> **What is expected**:
As the answer, give exactly the lines of the records below from the one with "汇款服务和收款服务分别需要实" through the one with "A Christmas card", ends included and pictures left out.

___ Supplied records ___

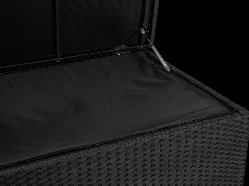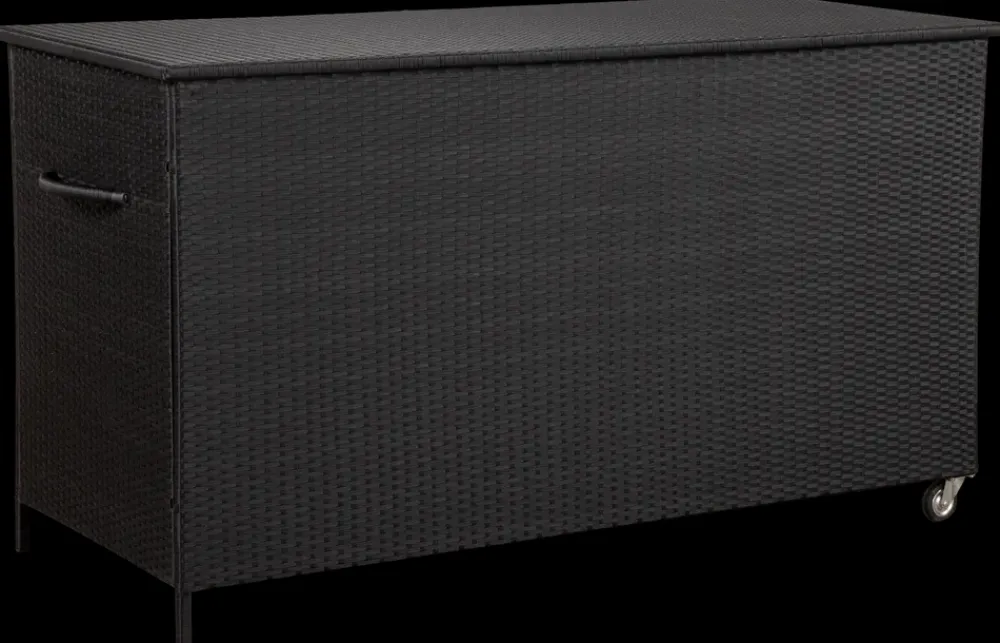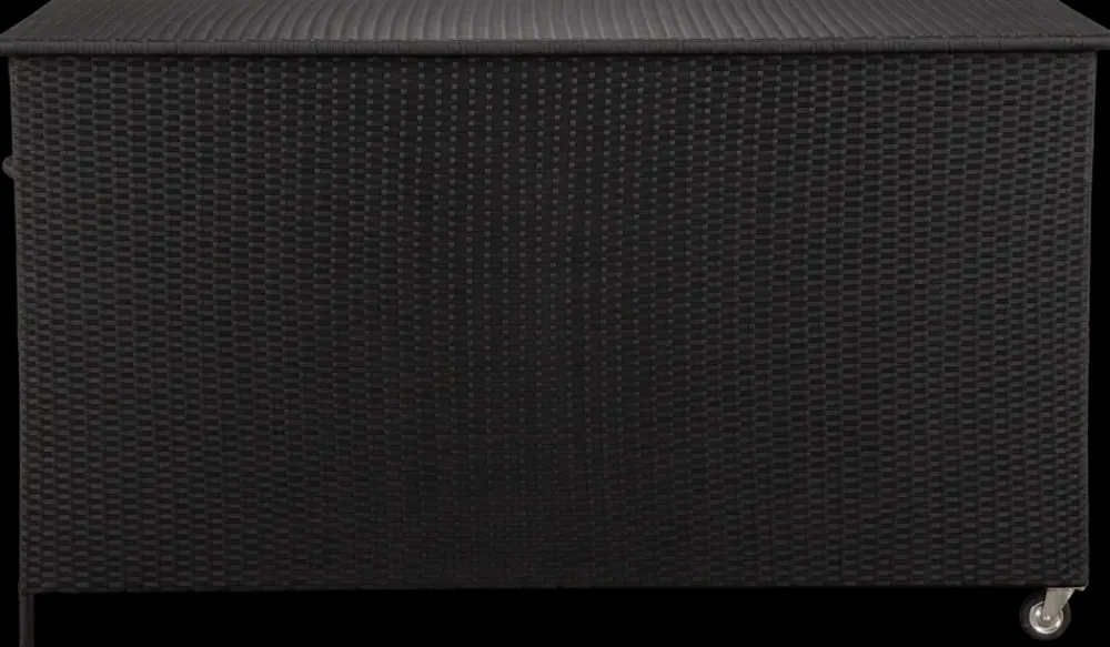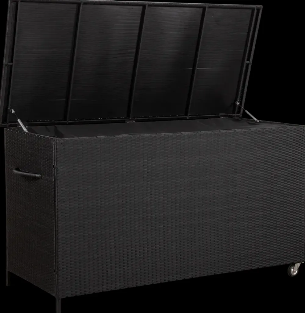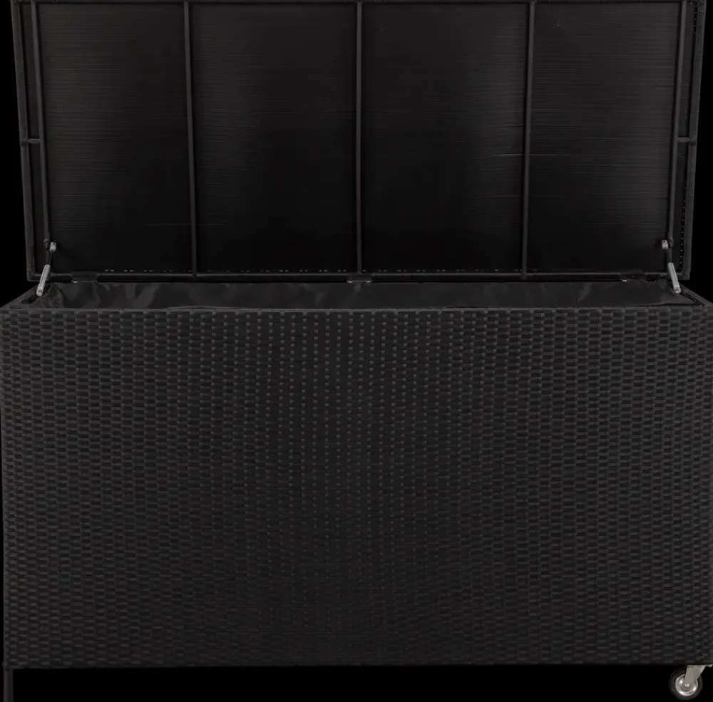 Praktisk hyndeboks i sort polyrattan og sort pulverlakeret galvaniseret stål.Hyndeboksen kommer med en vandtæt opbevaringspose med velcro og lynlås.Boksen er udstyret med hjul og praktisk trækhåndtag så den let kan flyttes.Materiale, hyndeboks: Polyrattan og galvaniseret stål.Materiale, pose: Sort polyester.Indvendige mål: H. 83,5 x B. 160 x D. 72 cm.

___
___ Supplied records ___

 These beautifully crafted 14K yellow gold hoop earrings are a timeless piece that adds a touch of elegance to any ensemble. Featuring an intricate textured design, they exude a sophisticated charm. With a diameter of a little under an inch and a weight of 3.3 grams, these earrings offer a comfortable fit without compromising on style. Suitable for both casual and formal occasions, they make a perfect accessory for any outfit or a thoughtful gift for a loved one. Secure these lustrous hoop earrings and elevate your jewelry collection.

___
___ Supplied records ___

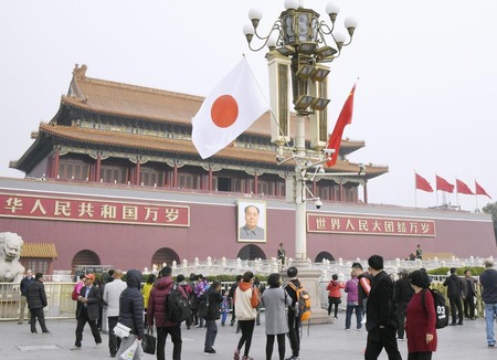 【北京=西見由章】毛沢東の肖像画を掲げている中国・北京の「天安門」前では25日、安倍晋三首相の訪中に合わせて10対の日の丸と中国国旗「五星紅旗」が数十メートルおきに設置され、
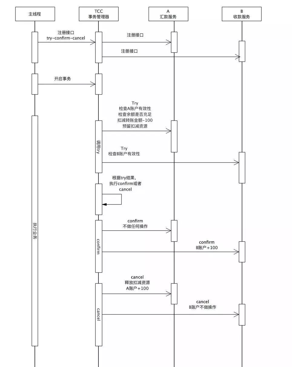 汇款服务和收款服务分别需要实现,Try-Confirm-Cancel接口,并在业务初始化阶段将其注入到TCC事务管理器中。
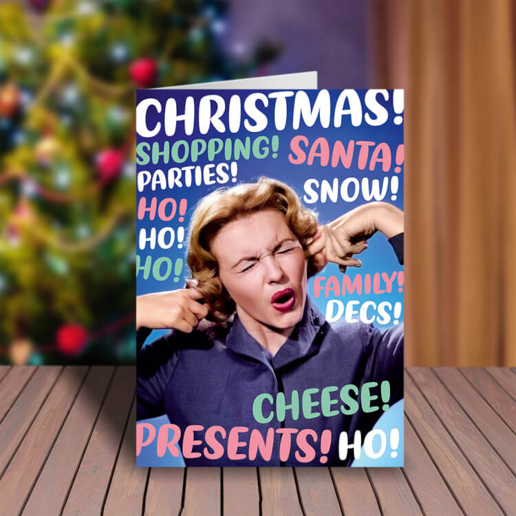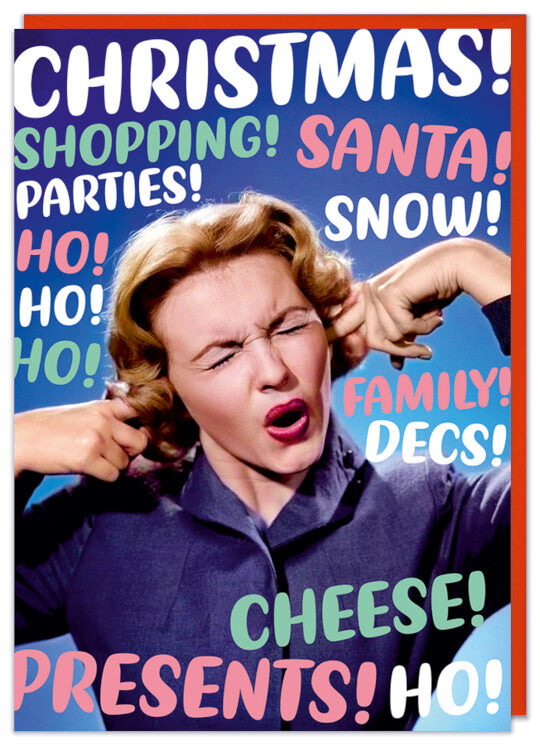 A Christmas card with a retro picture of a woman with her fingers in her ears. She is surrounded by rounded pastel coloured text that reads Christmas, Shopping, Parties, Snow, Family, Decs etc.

___

> **Expected answer**:
 汇款服务和收款服务分别需要实现,Try-Confirm-Cancel接口,并在业务初始化阶段将其注入到TCC事务管理器中。
 A Christmas card with a retro picture of a woman with her fingers in her ears. She is surrounded by rounded pastel coloured text that reads Christmas, Shopping, Parties, Snow, Family, Decs etc.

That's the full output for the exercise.